■ Your goal
Output the full listing below exactly; the images stay out.

■ Information provided
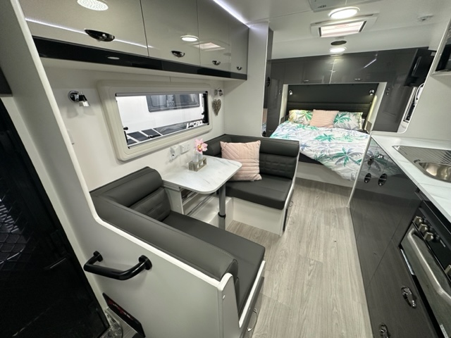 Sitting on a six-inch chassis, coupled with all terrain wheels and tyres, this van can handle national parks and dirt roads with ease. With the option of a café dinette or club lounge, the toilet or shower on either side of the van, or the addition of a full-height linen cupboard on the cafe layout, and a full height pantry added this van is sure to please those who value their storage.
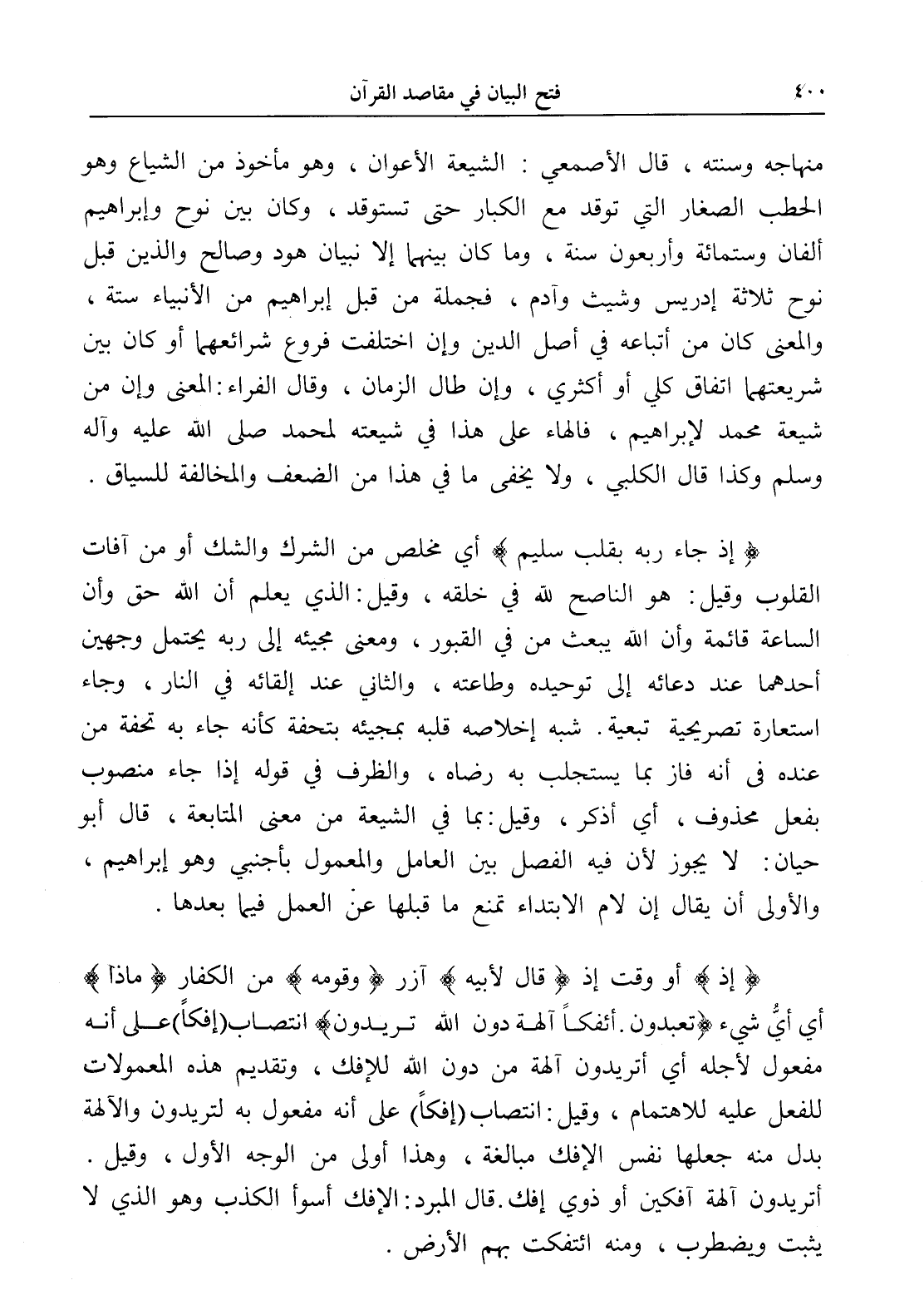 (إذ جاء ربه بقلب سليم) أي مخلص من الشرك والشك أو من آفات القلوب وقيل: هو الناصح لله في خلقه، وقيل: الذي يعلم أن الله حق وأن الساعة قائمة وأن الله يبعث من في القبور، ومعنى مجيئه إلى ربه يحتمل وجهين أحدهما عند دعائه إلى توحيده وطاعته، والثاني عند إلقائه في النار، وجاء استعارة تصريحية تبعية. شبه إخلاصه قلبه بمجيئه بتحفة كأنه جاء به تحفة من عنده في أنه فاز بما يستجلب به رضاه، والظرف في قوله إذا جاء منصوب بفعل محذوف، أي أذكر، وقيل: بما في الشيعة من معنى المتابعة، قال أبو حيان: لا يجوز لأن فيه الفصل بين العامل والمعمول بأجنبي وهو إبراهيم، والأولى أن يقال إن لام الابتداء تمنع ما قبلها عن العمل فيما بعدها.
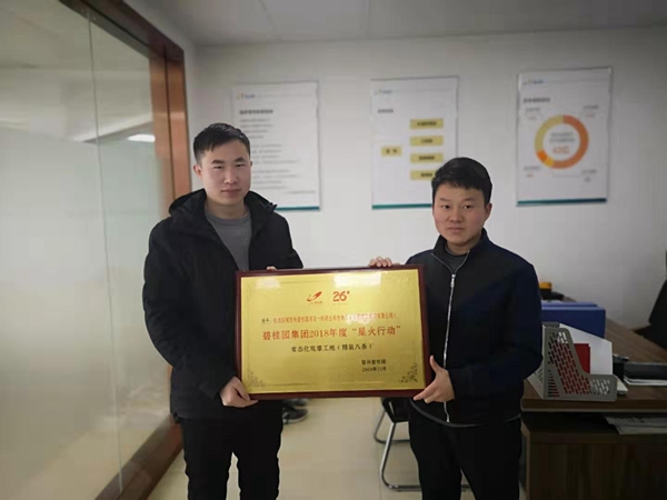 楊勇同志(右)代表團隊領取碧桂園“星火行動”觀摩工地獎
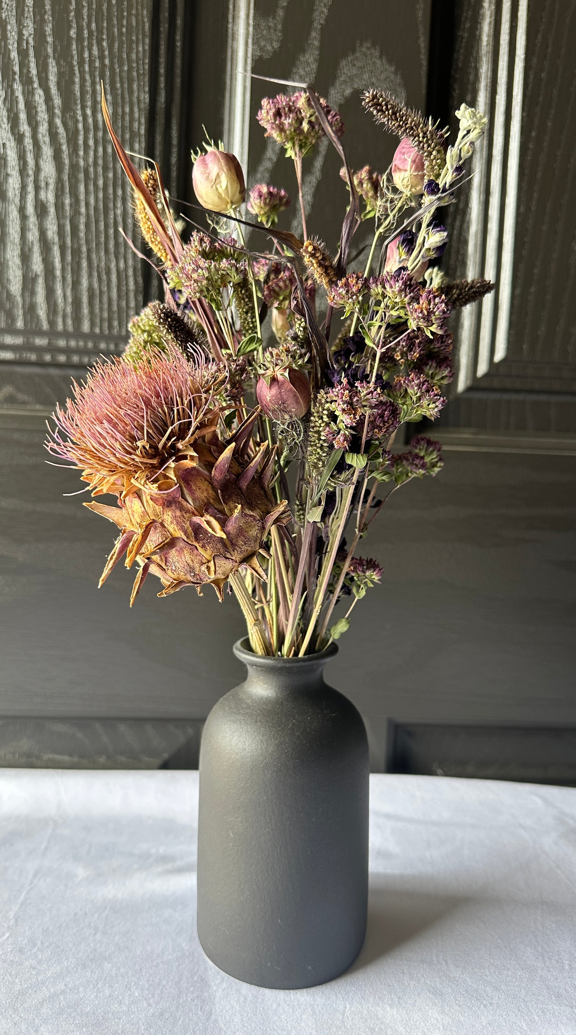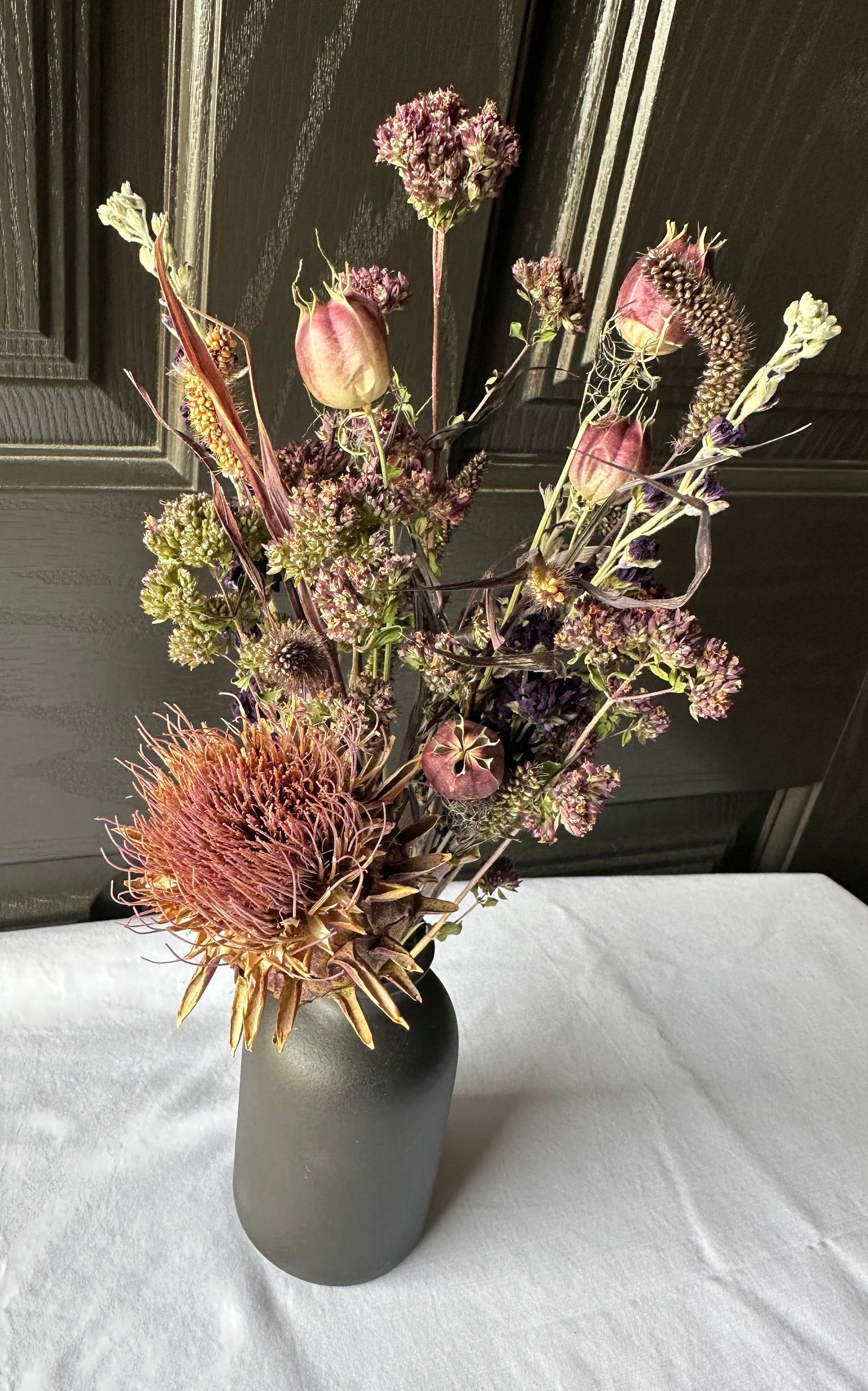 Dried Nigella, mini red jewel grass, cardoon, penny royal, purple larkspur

■ Finished task
 Sitting on a six-inch chassis, coupled with all terrain wheels and tyres, this van can handle national parks and dirt roads with ease. With the option of a café dinette or club lounge, the toilet or shower on either side of the van, or the addition of a full-height linen cupboard on the cafe layout, and a full height pantry added this van is sure to please those who value their storage.
 (إذ جاء ربه بقلب سليم) أي مخلص من الشرك والشك أو من آفات القلوب وقيل: هو الناصح لله في خلقه، وقيل: الذي يعلم أن الله حق وأن الساعة قائمة وأن الله يبعث من في القبور، ومعنى مجيئه إلى ربه يحتمل وجهين أحدهما عند دعائه إلى توحيده وطاعته، والثاني عند إلقائه في النار، وجاء استعارة تصريحية تبعية. شبه إخلاصه قلبه بمجيئه بتحفة كأنه جاء به تحفة من عنده في أنه فاز بما يستجلب به رضاه، والظرف في قوله إذا جاء منصوب بفعل محذوف، أي أذكر، وقيل: بما في الشيعة من معنى المتابعة، قال أبو حيان: لا يجوز لأن فيه الفصل بين العامل والمعمول بأجنبي وهو إبراهيم، والأولى أن يقال إن لام الابتداء تمنع ما قبلها عن العمل فيما بعدها.
 楊勇同志(右)代表團隊領取碧桂園“星火行動”觀摩工地獎
 Dried Nigella, mini red jewel grass, cardoon, penny royal, purple larkspur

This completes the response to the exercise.